Copy out the lines of the records below, and only those lines, from the one with "Zutaten und sinnvolle" through the one with "Площадка боулинга оснащена", exactly as they appear.

(Provided data):
---+---

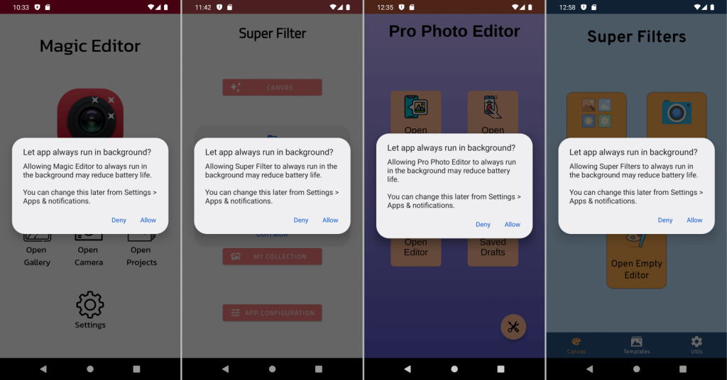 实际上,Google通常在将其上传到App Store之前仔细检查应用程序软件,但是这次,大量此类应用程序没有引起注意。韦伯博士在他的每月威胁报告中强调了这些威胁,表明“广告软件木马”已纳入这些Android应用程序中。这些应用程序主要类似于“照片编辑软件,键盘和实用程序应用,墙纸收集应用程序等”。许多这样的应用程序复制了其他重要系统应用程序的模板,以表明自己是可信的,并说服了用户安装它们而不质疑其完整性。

---+---

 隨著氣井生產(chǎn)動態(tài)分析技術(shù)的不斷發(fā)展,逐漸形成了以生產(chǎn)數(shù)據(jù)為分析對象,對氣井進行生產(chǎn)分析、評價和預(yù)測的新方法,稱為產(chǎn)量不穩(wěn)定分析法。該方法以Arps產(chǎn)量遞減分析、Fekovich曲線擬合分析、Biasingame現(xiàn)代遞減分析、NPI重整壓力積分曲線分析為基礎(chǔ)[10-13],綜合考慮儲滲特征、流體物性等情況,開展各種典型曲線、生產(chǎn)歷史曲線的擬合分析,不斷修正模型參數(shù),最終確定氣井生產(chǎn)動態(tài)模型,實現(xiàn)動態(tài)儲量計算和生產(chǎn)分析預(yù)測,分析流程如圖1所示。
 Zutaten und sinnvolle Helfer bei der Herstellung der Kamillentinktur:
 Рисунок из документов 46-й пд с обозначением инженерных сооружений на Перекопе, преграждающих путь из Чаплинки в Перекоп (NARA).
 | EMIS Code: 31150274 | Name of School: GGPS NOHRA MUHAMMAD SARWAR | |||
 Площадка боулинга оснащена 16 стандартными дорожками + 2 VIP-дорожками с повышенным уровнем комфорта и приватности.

---+---

(Answer):
 Zutaten und sinnvolle Helfer bei der Herstellung der Kamillentinktur:
 Рисунок из документов 46-й пд с обозначением инженерных сооружений на Перекопе, преграждающих путь из Чаплинки в Перекоп (NARA).
 | EMIS Code: 31150274 | Name of School: GGPS NOHRA MUHAMMAD SARWAR | |||
 Площадка боулинга оснащена 16 стандартными дорожками + 2 VIP-дорожками с повышенным уровнем комфорта и приватности.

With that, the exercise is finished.